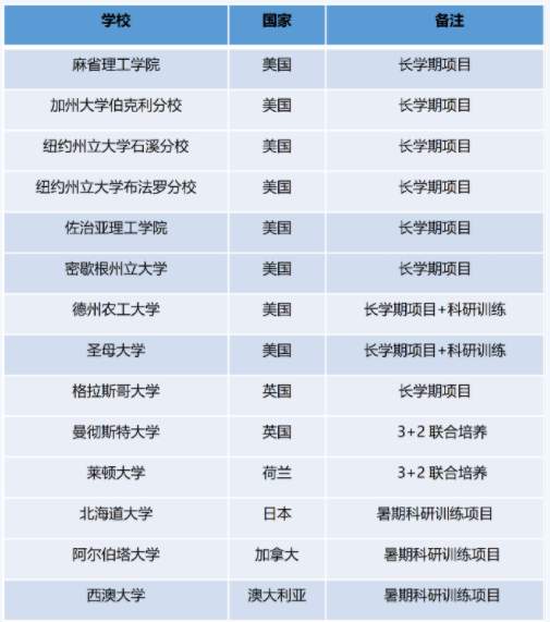 A:试验班与国外10余所著名大学签订人才联合培养协议。在大二下学期初将通过专家面试,综合学习、科研、品行、心理多方面考察,遴选学生赴国外进行长学期交流项目或短期科研训练项目。进行长学期交流的学生,在外期间可以选修交流学校相应专业课,通过考核获得学分后,回国兑换物试专业学分;鼓励学生在外期间加入国外导师课题组进行科研。学院将对交流学生提供包括往返机票、生活补助、奖学金的经济资助,具体资助办法以学院相关文件为准。
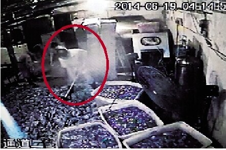 图为:监控视频里工人踩在肉制品上
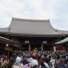 浅草寺の本堂左手、細やかな装飾が見事でした
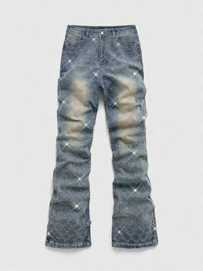 ROMWE MEN Street Life Jeans de pierna acampanada y desgastados de moda casual para hombres - Neblina azul - Añade 5
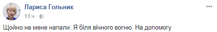 "Только что на меня напали. Я у вечного огня. На помощь", - написала она и опубликовала фото.
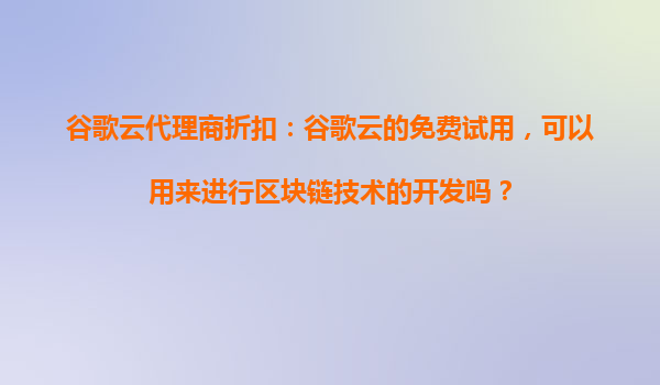谷歌云代理商折扣:谷歌云免費(fèi)試用支持區(qū)塊鏈技術(shù)開發(fā)嗎?
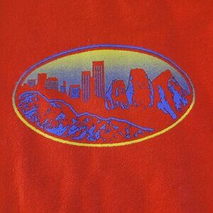 Hanes Explorer Men's French terry "Dyanmic Orange" hoodie with an ombre city / mountain design on the front
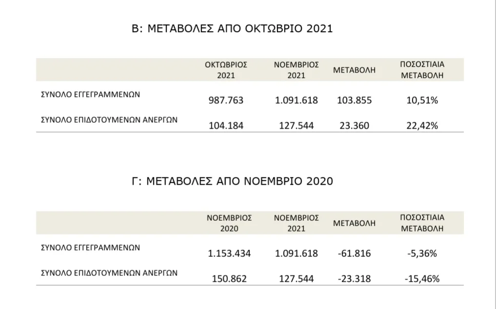 Σύμφωνα με τον ΟΑΕΔ, οι εγγεγραμμένοι άνεργοι Νοεμβρίου αυξήθηκαν κατά 103.855 άτομα συγκριτικά με τον Οκτώβριο 2021 και κατά 23.360 οι επιδοτούμενοι άνεργοι κυρίως λόγω της εποχικότητας.
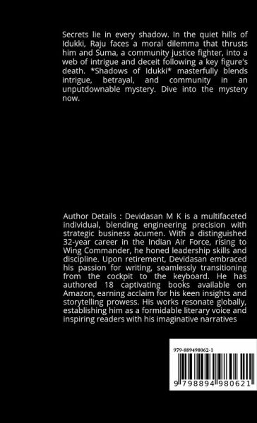Secrets lie in every shadow. The quiet hills of Idukki hold more than just the whispers of the wind. Here, Raju, a man of principle, faces a moral dilemma when confronted with a sinister request from his neighbour David. Refusing to become an assassin, Raju finds himself entangled in a web of intrigue. Meanwhile, Suma, fighting for justice for her community, steps into the limelight after a brutal incident shakes the town. With the death of a key figure, she and Raju are thrust into a labyrinth of deceit. As they peel back layers of lies, they question everything they know. Will their pursuit of truth reveal more than they can handle? 'Shadows of Idukki' is a masterful debut in the mystery genre by the author. With its blend of intrigue, betrayal, and community, this novel promises to be an unputdownable read. Dive into the mystery now.
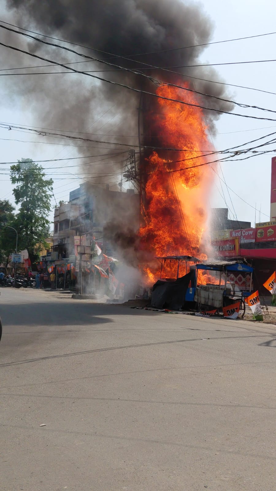 প্রা:প্র:: ভয়াবহ বিস্ফোরণে কেঁপে উঠল রূপনারায়ণপুর। ভরদুপুরে বীভৎস গরমের মধ্যেই হঠাৎ করে আগুন লেগে যায় রূপনারায়ণপুরের কেন্দ্রস্থল ডাবর মোড় বাসস্ট্যান্ডের ঠিক পাশে থাকা বৈদ্যুতিক ট্রান্সফরমারে। দাউ দাউ করে জ্বলতে থাকা সেই আগুন গ্রাস করে নেয় ট্রান্সফরমারের নিচে পাশে থাকা একাধিক অস্থায়ী খাবারের দোকানকে। কিছুক্ষণের মধ্যেই সেই সব দোকানের ভেতরে থাকা গ্যাস সিলিন্ডার প্রচন্ড শব্দে বিস্ফোরিত হয়। মারাত্মক আওয়াজে পথ চলতি মানুষজন গাড়ি থেকে পড়ে যান। এদিকে বেশ কয়েকদিন ধরেই এলাকায় বিদ্যুতের অব্যবস্থা চলছে। ঘনঘন কারেন্ট যাচ্ছে আসছে। বীভৎস গরমে মানুষ গলদ ধর্ম হচ্ছে। এই অবস্থায় রূপনারায়ণপুর বিদ্যুৎ অফিস থেকে কয়েক হাত দূরে ডাবর মোড়ের ট্রান্সফরমারে ভয়াবহ আগুন এবং বিস্ফোরণ এলাকায় মারাত্মক আতঙ্কের সৃষ্টি করেছে। তবে দুপুর প্রায় পৌনে দুটো নাগাদ এই আগুন লাগলেও আড়াইটার সময়ও আগুন নেভানোর কোন প্রশাসনিক উদ্যোগ দেখা না যাওয়াই স্থানীয় বাসিন্দারা এবং ব্যবসায়ীরা ক্ষোভ প্রকাশ করেছেন। জানা গেছে চিত্তরঞ্জন থেকে একটি দমকলের ইঞ্জিন ঘটনাস্থলের দিকে রওনা দিয়েছে। এলাকায় রূপনারায়ণপুর পুলিশের উপস্থিতি আছে। কিন্তু মারাত্মক এই গরমে রূপনারায়ণপুর এখন বিদ্যুৎহীন।@প্রান্তভূমি
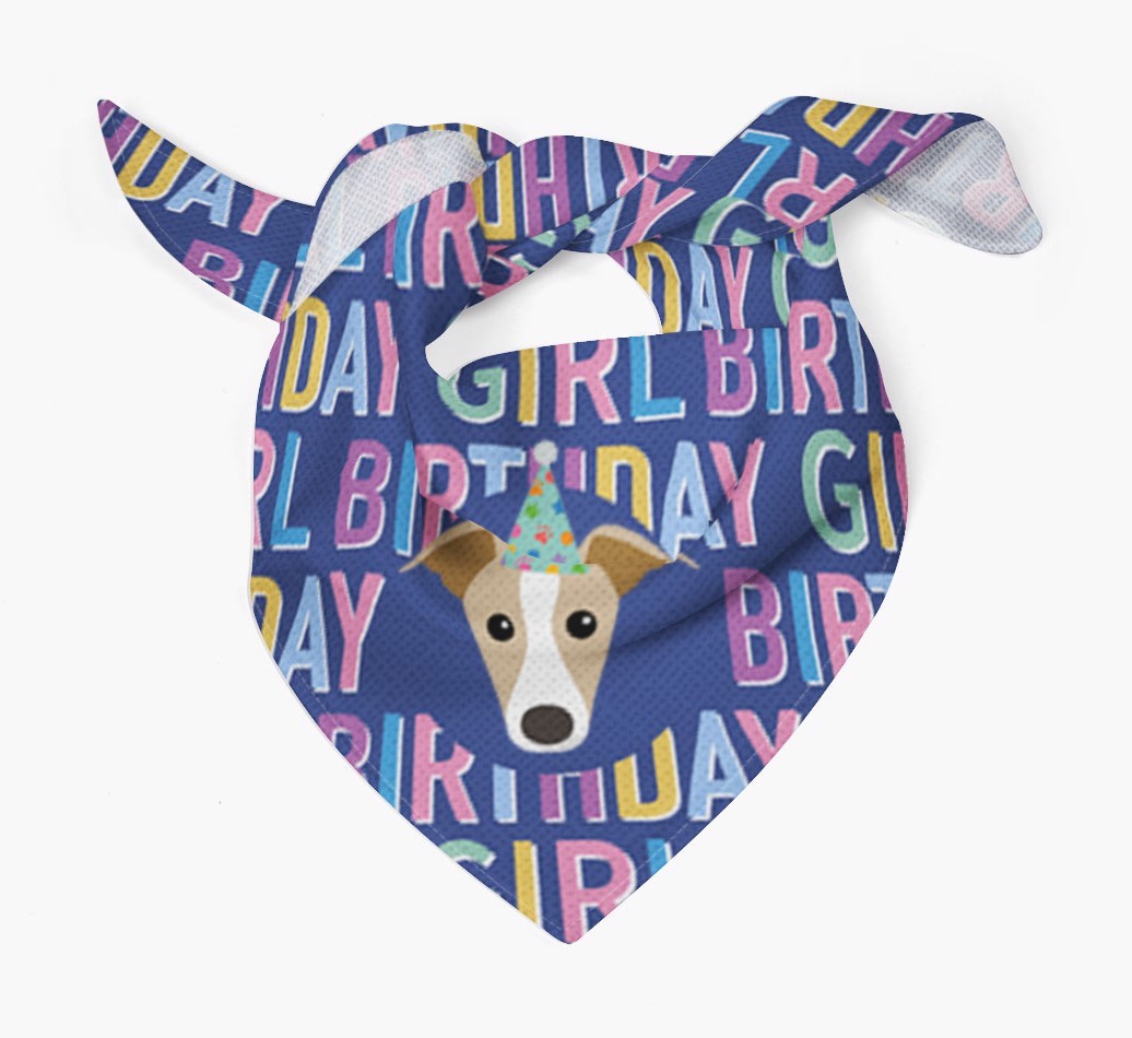 Featuring a text pattern that reads 'birthay girl' and personalized with Italian Greyhound's cute icon (complete with a fun party hat), your Iggy will look simply pawgeous on their special day when they're wearing this bandana.
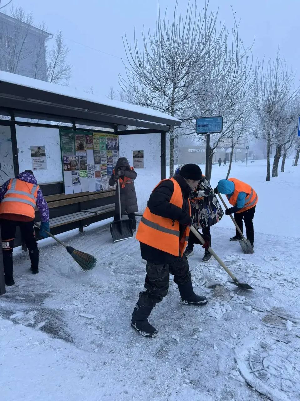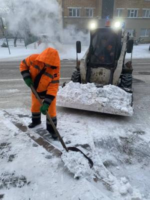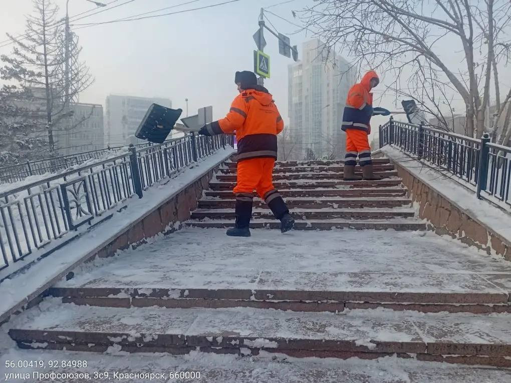 В Красноярске, несмотря на мороз, 85 человек сотрудников специализированного АТП сегодня расчищают тротуары вручную.
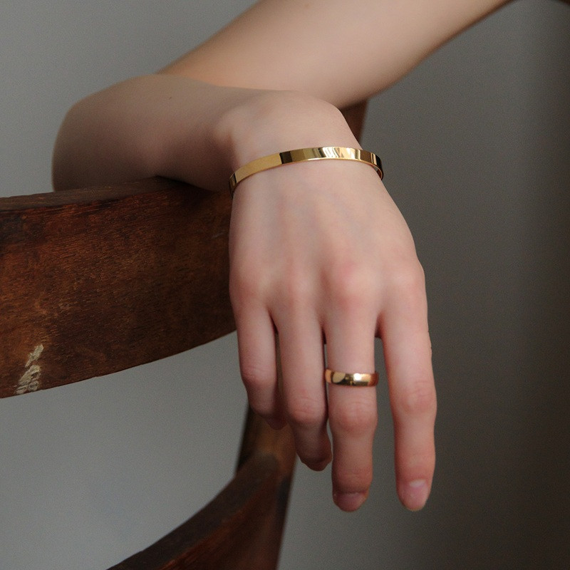 洗練されたシンプルなデザインのバングルは、手首周りにアクセントを添えて、大人のシャープな美しさを引き立てます。
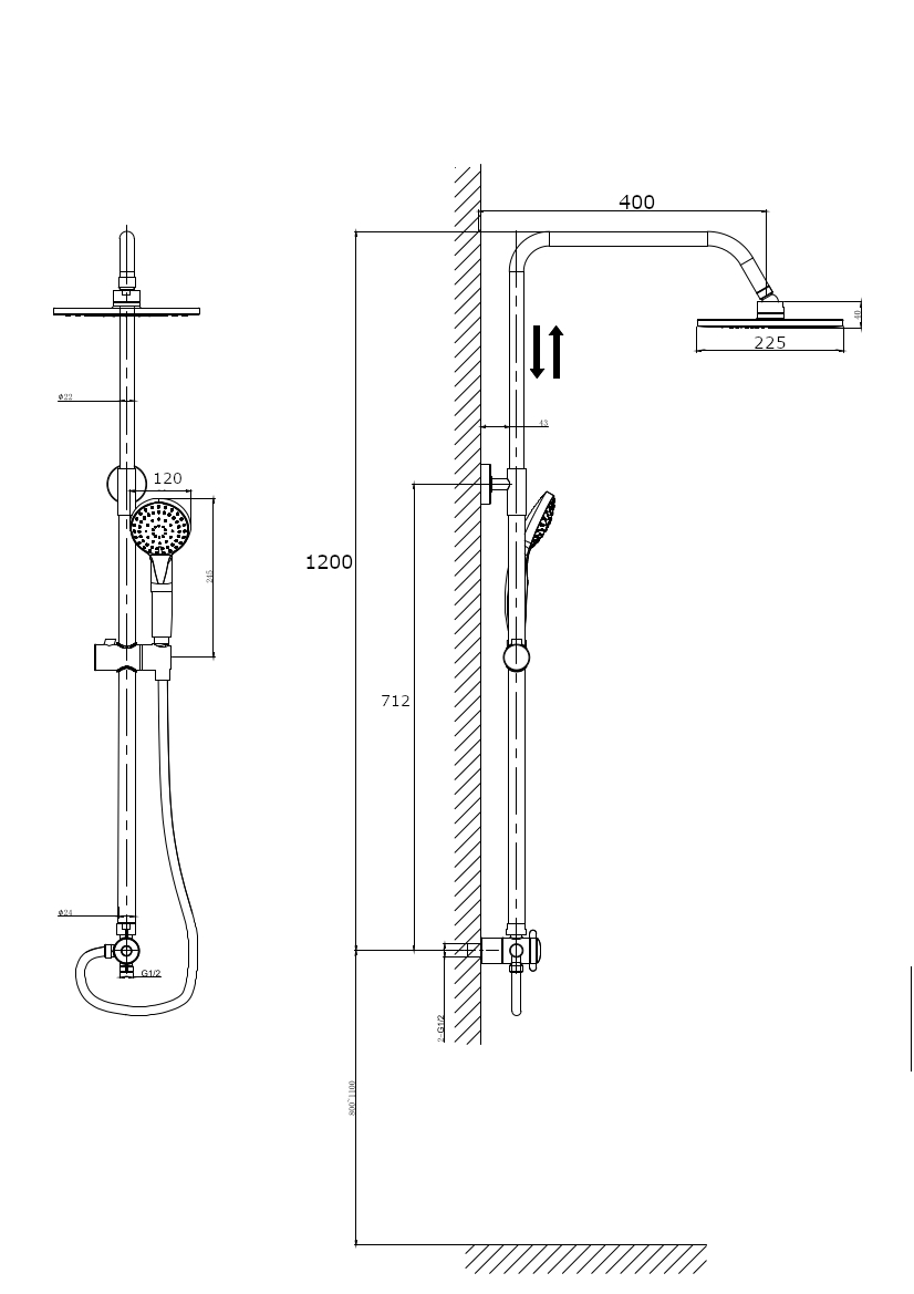 душевая штанга раздвижная, душевая лейка, тропический душ, держатель душевой лейки поворотный, душевой шланг с латунными гайками, индивидуальный пакет, паспорт, гарантийный талон

# [EXERCISE DIRECTIONS]
In the material above, one part opens with the line containing "ROMWE MEN Street" and closes with the line containing "Σύμφωνα με τον". Write out that part exactly and skip its pictures.

# [SOLUTION FOR THIS TASK]
 ROMWE MEN Street Life Jeans de pierna acampanada y desgastados de moda casual para hombres - Neblina azul - Añade 5
 "Только что на меня напали. Я у вечного огня. На помощь", - написала она и опубликовала фото.
谷歌云代理商折扣:谷歌云免費(fèi)試用支持區(qū)塊鏈技術(shù)開發(fā)嗎?
 Hanes Explorer Men's French terry "Dyanmic Orange" hoodie with an ombre city / mountain design on the front
 Σύμφωνα με τον ΟΑΕΔ, οι εγγεγραμμένοι άνεργοι Νοεμβρίου αυξήθηκαν κατά 103.855 άτομα συγκριτικά με τον Οκτώβριο 2021 και κατά 23.360 οι επιδοτούμενοι άνεργοι κυρίως λόγω της εποχικότητας.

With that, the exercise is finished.